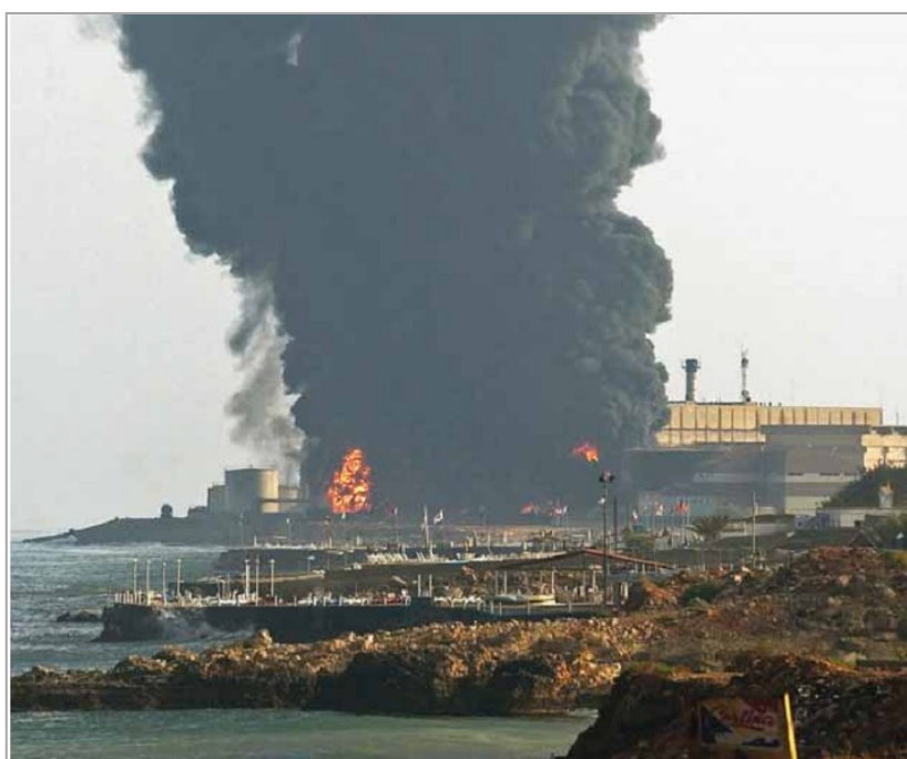
Incendio de los tanques de petróleo en la planta Jiyeh (Líbano), julio de 2006. Entre 10.000 y 15.000 ton. de petróleo fueron derramados al Mar Mediterráneo. UNEP.

En cuanto a la degradación de la biodiversidad, el impacto medioambiental de Jiyeh representó una seria amenaza para la fauna y la flora del litoral, del fondo marino y de la reserva natural de Palm Islands. En concreto, para las aves migratorias y las tortugas marinas. Además, el conjunto de la fauna y la flora de los sedimentos marinos quedaron asfixiadas por el vertido. Finalmente, a la catástrofe ecológica del litoral libanés se añaden los incendios ocasionados en el sur del país, que arrasaron las especies de árboles con valor económico, y milenarios cedros libaneses 19 .
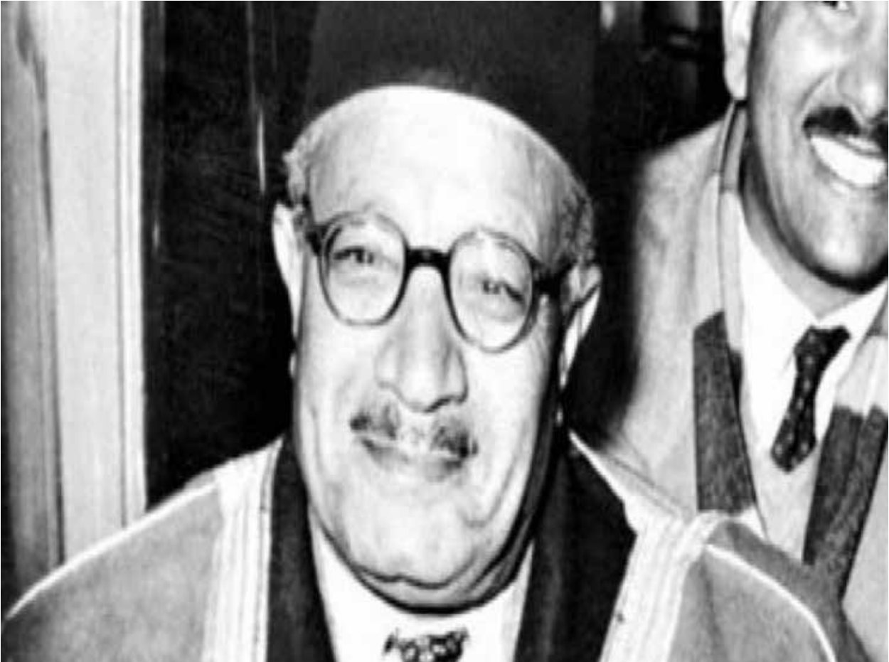
المرشد الثاني لجماعة الإخوان المسلمين: حسن الهضيبي

——————

** Problem to solve **
Every line in the data that holds the string "Jiyeh" should be returned.

** Output of the exercise **
Incendio de los tanques de petróleo en la planta Jiyeh (Líbano), julio de 2006. Entre 10.000 y 15.000 ton. de petróleo fueron derramados al Mar Mediterráneo. UNEP.
En cuanto a la degradación de la biodiversidad, el impacto medioambiental de Jiyeh representó una seria amenaza para la fauna y la flora del litoral, del fondo marino y de la reserva natural de Palm Islands. En concreto, para las aves migratorias y las tortugas marinas. Además, el conjunto de la fauna y la flora de los sedimentos marinos quedaron asfixiadas por el vertido. Finalmente, a la catástrofe ecológica del litoral libanés se añaden los incendios ocasionados en el sur del país, que arrasaron las especies de árboles con valor económico, y milenarios cedros libaneses 19 .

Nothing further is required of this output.